Now, it’s not a story about a bunch of Pagans coming to Jerusalem and being saved. It’s a story about Jews, both those who are natives to the holy land and those who came from the Diaspora to the celebration of the Pentecost Feast, plus some gentiles who were God-fearers who attended the synagogue or Proselytes on the way to becoming Jews.

But what the story says, in essence, is that the kingdom is coming and when the Spirit is poured out, even the boundaries of language fall, so that all manner of persons can come to know Jesus Christ and be saved. Still, today, we have not lived up to the full measure of the radical nature of this kingdom teaching, whether it comes to us in the form of sermon by Peter or a parable by Jesus, the message is the same. Prejudice, hatred, racism will not do. It’s not what the kingdom’s about.

But it also comes with a minatory warning, doesn’t it? If they do this to the Master, and crucify him on Golgotha, what should the disciples expect? Jesus did not say, ‘Take up your Bibles and follow me.’ He said, “Take up your cross and follow me. If anyone would come after me, let them take up your cross and follow me.”

Dietrich Bonhoeffer said, “When Jesus bid you come, he bid you come and die.” In principle, you have signed over your life to the Lord when you came to the Lord. Why would you expect the world to treat you any better than he was treated?

These parables are powerful. In their original contexts, they were often offensive. I like to say about ministers, they need to have a capacity to comfort the afflicted but they’d better also have a capacity to afflict the comfortable, because Jesus’ parables are not Sesame Street tales. They often afflict the comfortable and make them profoundly uncomfortable.

One of the most famous sermons ever preached in America was preached by Jonathan Edwards. Its title was Sinners in the Hands of an Angry God. If you’ve not read this sermon, then you need to read it. It’s a barn burner. It’s a real corker.

I never heard a sermon like this growing up in the Methodist church. Shoot, I never heard a sermon [on][37:43] hell growing up in the Methodist church. I heard a lot of other kind of stuff and a lot of it nonsense but I didn’t hear that.

My mother grew up in the Southern Baptist church. She did hear some hell fire sermons. She said, as a little girl, she remembers them vividly because they made the hair on the back of her neck raise up. You know?

In the sermon, Sinners in the Hands of an Angry God…when Jonathan Edwards got going and you need to understand, he was not a charismatic speaker, so you gotta picture this man with thick glasses, a long frock coat, a powdered wig, a manuscript this tall, handwritten, being held like this in front of his face and he’s reading this sermon to his congregation.

And on the platform is one of his deacons and he gets to the bit about the spider dangling over the pit of hell and the deacon comes unglued. The deacon gets the point of the sermon. He comes over and grabs Mr. Edwards by the frock coat and says, “Mr. Edwards, Mr. Edwards, I pray thee remember the mercies of God!” Yeah. He came unglued. Sinners in the Hands of an Angry God.

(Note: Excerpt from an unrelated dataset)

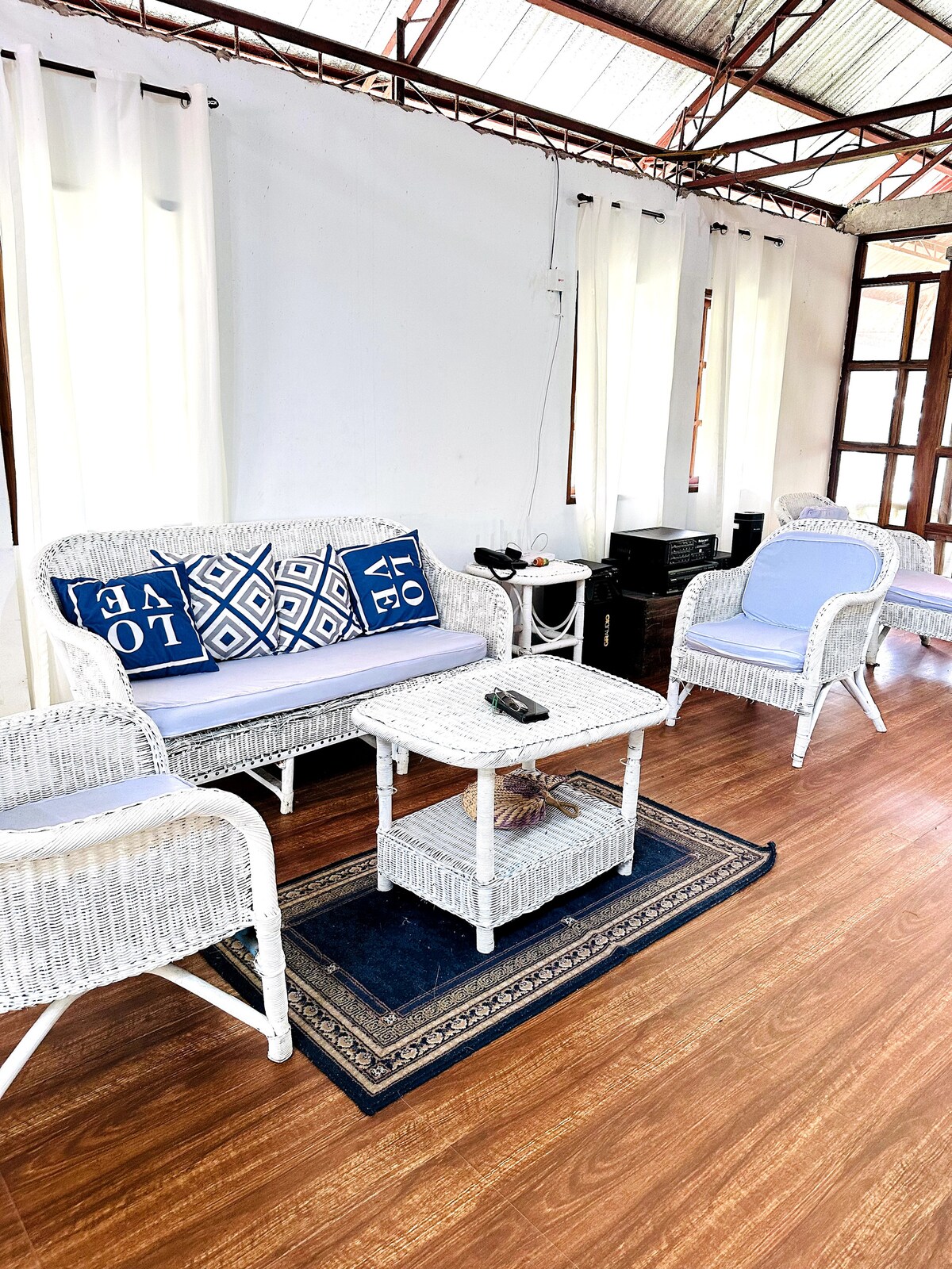 Красивый частный дом на пляже с большим садом, патио, 3 спальни с кондиционером (главная и 2 смежные спальни в лофте на втором этаже, 2 ванные комнаты, кухня, просторная гостиная и обеденная зона с воздухоохладителем). Насладитесь панорамным видом на пляжный дом с потрясающим видом на закат и расслабляющими гамаками. На островах Гасан и Мариндуке доступны прогулки на лодках и другие местные экскурсии. В этом бронировании могут разместиться от 1 до 12 человек. Доступны цифровые фортепиано и маджонг.

These parables are full of both justice and mercy… Both righteousness and compassion. Now you know, we like the nice soft squishy bits...Not so much the righteousness and justice bits.

But let me say to you now that if you have concern or compassion for the oppressed, you will have a concern for righteousness and justice. It has been said, and I agree with this, that one of the essential requirements for doing ministry is the capacity for righteous anger. I mean, sin is destroying our world. Why is it that we would be complacent about that?

Sin is destroying human lives of people we love…Friends, family. Why is it that we would not be righteously indignant as God is about that? These parables are full of anger at sin but full of love for the sinner. You see, we need to learn how to do what Jesus did, to have that balance of justice and mercy…That balance of righteousness and compassion. It’s a hard balance to strike.